▶ **EXERCISE BRIEF**
Once you find the line containing "Sapatilha de couro" in the data below, copy it and each following line exactly, up to and including the line containing "Logis-porte. Premier étage.", and nothing else.

▶ **PROVIDED RECORDS**
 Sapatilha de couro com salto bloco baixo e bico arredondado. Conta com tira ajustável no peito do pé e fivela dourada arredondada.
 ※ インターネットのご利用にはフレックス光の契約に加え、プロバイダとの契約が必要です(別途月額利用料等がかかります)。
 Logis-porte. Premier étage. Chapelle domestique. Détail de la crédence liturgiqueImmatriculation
* * *
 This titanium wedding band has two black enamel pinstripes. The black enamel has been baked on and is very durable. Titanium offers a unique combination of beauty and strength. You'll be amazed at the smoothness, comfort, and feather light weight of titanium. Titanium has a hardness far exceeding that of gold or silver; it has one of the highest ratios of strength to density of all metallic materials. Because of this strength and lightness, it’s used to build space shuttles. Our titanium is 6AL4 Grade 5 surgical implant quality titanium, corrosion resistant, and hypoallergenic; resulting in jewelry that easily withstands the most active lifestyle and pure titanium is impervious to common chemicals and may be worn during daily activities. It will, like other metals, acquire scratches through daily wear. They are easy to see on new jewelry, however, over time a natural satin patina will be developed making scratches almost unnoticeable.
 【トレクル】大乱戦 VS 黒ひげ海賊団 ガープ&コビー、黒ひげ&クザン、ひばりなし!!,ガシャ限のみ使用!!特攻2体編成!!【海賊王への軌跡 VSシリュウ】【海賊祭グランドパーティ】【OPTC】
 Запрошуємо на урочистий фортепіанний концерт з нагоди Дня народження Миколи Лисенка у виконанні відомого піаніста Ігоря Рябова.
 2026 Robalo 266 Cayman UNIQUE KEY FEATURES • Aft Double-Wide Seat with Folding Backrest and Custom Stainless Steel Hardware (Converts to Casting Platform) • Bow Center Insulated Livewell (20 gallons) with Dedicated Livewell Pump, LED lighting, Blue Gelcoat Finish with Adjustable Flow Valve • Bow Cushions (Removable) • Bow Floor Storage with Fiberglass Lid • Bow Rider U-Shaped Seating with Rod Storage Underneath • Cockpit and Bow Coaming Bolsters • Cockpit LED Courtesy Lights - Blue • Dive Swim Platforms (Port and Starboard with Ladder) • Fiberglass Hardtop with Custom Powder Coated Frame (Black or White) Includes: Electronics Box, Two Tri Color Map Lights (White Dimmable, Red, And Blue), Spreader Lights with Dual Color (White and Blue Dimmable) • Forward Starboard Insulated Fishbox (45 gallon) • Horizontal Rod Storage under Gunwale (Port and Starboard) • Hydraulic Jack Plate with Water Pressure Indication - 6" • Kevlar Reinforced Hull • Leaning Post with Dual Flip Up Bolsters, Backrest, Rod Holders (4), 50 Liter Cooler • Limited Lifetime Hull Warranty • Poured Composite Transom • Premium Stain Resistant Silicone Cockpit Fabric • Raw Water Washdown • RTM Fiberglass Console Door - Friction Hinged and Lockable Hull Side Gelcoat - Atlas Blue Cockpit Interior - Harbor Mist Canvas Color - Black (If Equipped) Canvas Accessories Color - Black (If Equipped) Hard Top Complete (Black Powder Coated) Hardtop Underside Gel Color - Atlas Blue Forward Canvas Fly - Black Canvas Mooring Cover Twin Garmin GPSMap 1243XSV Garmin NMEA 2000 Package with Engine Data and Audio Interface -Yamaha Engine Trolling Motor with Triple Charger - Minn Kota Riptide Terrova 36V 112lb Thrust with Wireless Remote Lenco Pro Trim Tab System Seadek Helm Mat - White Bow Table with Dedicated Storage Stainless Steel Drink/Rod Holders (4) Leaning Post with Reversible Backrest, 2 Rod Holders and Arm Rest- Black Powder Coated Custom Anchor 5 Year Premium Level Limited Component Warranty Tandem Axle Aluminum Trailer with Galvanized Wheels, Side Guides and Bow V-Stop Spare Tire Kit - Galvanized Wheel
* * *
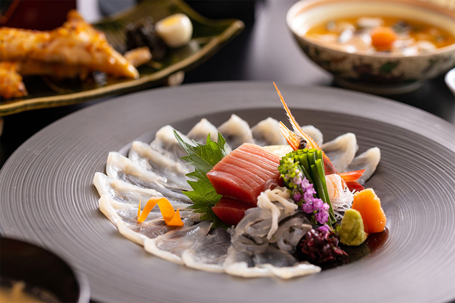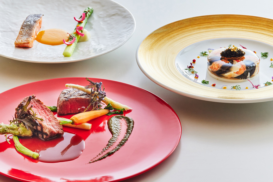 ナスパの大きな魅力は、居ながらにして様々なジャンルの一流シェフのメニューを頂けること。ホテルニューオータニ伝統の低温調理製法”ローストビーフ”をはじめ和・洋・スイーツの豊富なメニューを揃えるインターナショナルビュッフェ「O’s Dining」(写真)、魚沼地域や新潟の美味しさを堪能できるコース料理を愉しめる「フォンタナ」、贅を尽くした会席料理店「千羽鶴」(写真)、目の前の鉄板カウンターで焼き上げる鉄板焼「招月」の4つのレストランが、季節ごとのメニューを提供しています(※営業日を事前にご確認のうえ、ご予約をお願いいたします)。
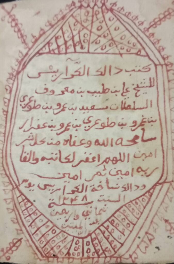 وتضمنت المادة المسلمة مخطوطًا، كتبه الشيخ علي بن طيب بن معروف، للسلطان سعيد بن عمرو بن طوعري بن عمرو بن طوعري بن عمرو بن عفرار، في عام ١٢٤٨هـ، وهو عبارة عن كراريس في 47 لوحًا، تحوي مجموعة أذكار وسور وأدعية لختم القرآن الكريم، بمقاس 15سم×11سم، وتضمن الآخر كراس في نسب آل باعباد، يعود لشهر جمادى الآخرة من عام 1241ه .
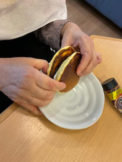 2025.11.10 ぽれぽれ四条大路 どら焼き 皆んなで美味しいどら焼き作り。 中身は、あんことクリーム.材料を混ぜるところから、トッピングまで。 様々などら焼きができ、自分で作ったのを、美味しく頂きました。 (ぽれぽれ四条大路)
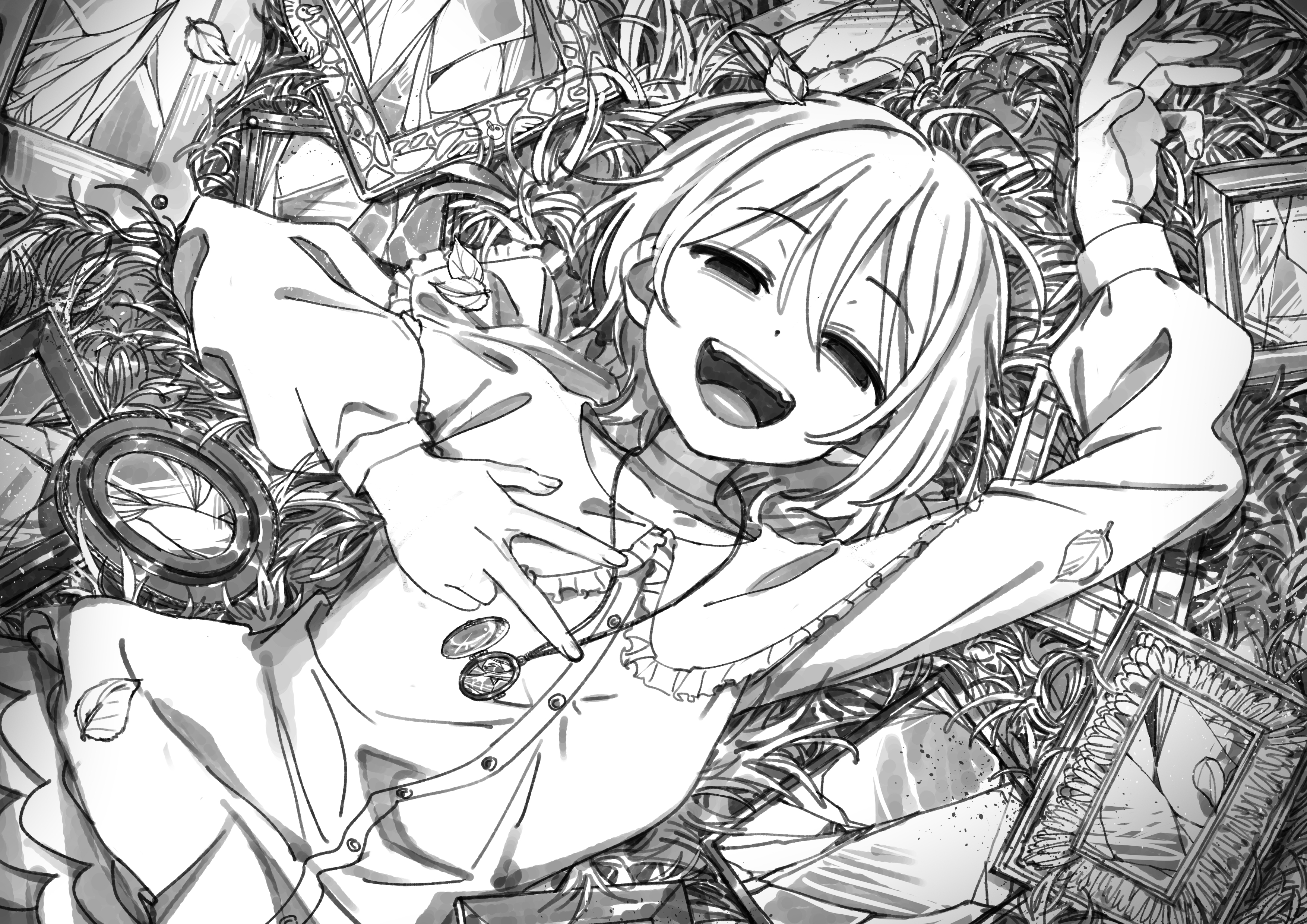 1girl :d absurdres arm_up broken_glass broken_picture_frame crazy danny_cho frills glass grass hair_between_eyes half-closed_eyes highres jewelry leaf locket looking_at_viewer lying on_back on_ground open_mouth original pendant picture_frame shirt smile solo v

▶ **TASK RESULT**
 Sapatilha de couro com salto bloco baixo e bico arredondado. Conta com tira ajustável no peito do pé e fivela dourada arredondada.
 ※ インターネットのご利用にはフレックス光の契約に加え、プロバイダとの契約が必要です(別途月額利用料等がかかります)。
 Logis-porte. Premier étage. Chapelle domestique. Détail de la crédence liturgiqueImmatriculation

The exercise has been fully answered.